Stream: Archive Mirror: Isabelle Users Mailing List

Topic: [isabelle] AFP (session Native_Word): test_code failed


view this post on Zulip Email Gateway (Aug 22 2022 at 16:30):

From: Christian Sternagel <c.sternagel@gmail.com>
Dear all,

I am in the strange situation that on a workstation Native_Word builds,
while on my laptop (with, as far as I can tell, almost identical setup)
there is a problem with code generation (see the attached log file).

On both machines I use Isabelle2017 and afp-2017 ( 5af4ceb1cc28 ).
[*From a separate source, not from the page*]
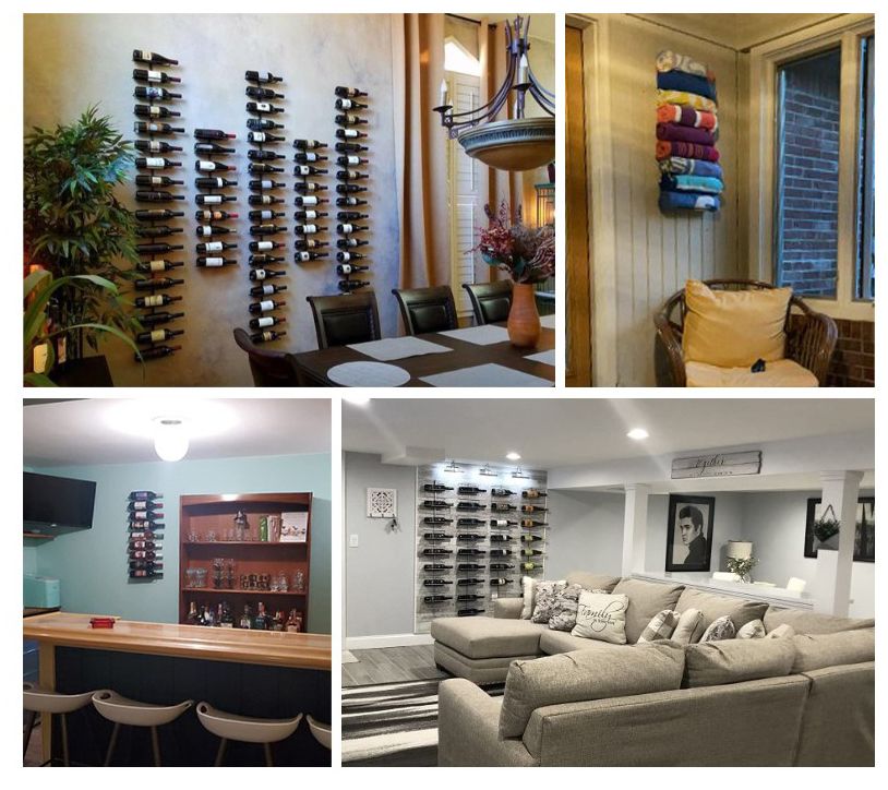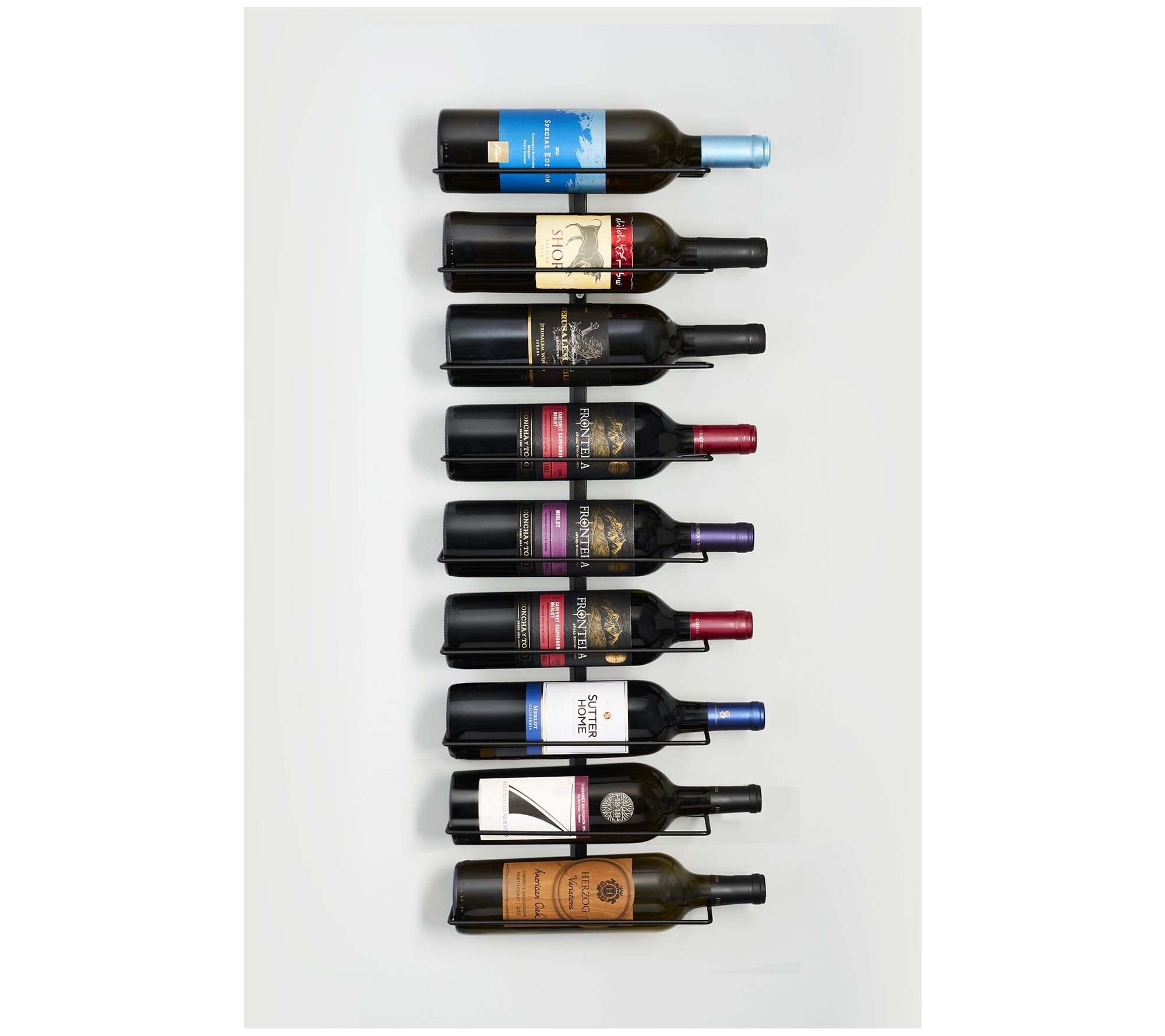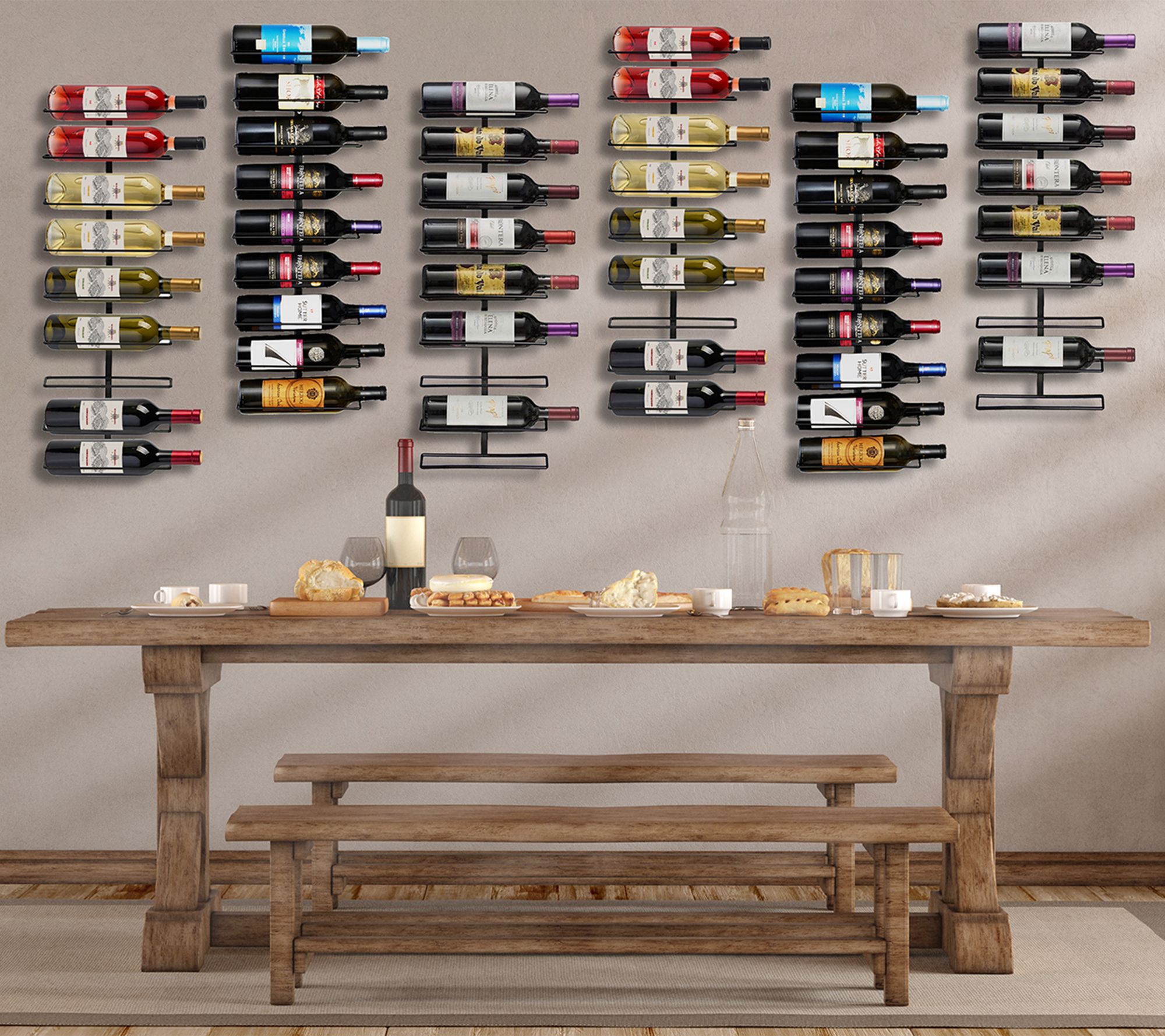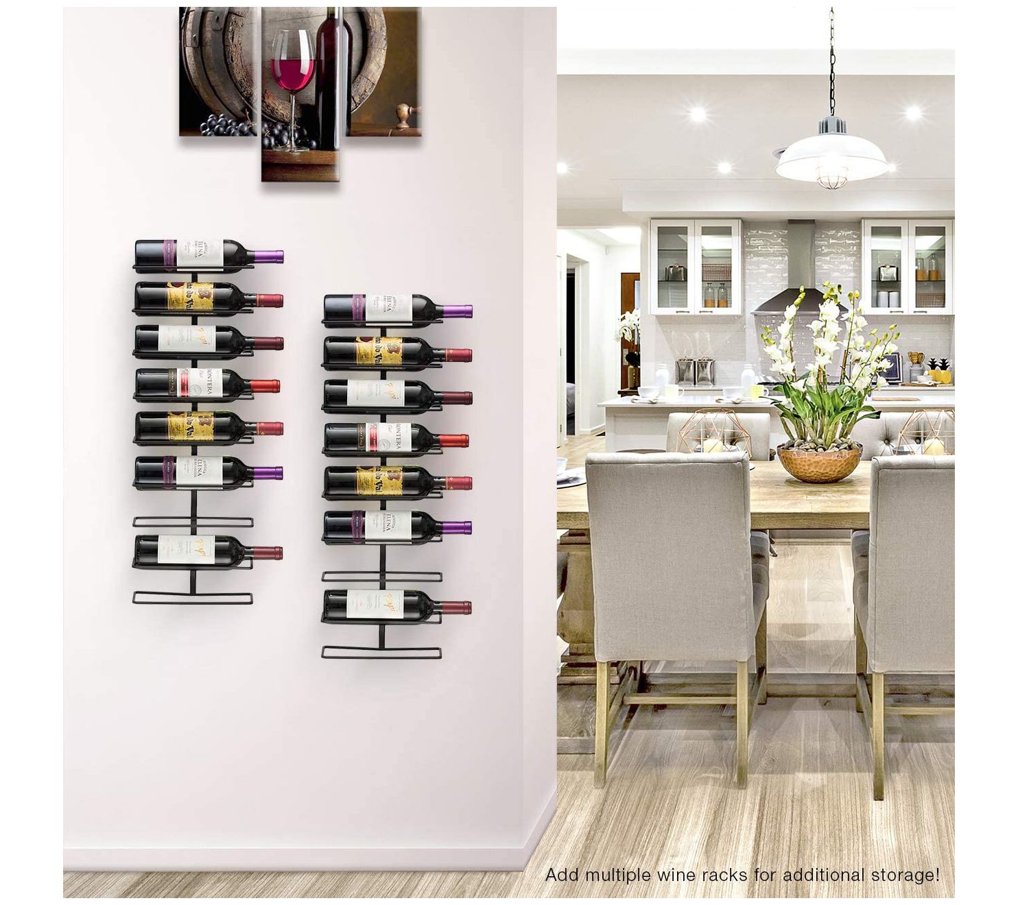 Transform your space into a stylish and functional wine display with this two-pack of wall mount wine racks. Designed to securely hold up to 18 bottles of your favorite vino, this set combines elegance with practicality, ensuring your collection is always within reach without taking up precious floor space. Its durable metal construction and sleek black finish complements any decor, making it an ideal addition for kitchens, dining rooms, or wine cellars. From Sorbus.

On
the workstation I have

$ isabelle build -v Native_Word
Started at Tue Dec 12 13:13:57 GMT+1 2017 (polyml-5.6_x86_64-linux on
cllabws1)
ISABELLE_BUILD_OPTIONS="threads=12"

ML_PLATFORM="x86_64-linux"
ML_HOME="/home/griff/Downloads/Isabelle2017/contrib/polyml-5.6-1/x86_64-linux"
ML_SYSTEM="polyml-5.6"
ML_OPTIONS="-H 1500 --gcthreads 6"
...

and on my laptop

$ isabelle build -v Native_Word
Started at Tue Dec 12 13:13:37 GMT+1 2017 (polyml-5.6_x86_64-linux on
cst470s)
ISABELLE_BUILD_OPTIONS="threads=4"

ML_PLATFORM="x86_64-linux"
ML_HOME="/usr/local/Isabelle2017/contrib/polyml-5.6-1/x86_64-linux"
ML_SYSTEM="polyml-5.6"
ML_OPTIONS="-H 1500 --gcthreads 2"
...

Any ideas what could have gone wrong? (In the meantime I am just copying
the heap images generated on the workstation to my laptop, which works
fine.)

cheers

chris
Native_Word

view this post on Zulip Email Gateway (Aug 22 2022 at 16:30):

From: Manuel Eberl <eberlm@in.tum.de>
I think I know what this is.

I had a very similar problem a while ago. I worked for a day or two with
Makarius and David Matthews to figure out what it is and it is related
to some problem with thread synchronisation in Poly/ML.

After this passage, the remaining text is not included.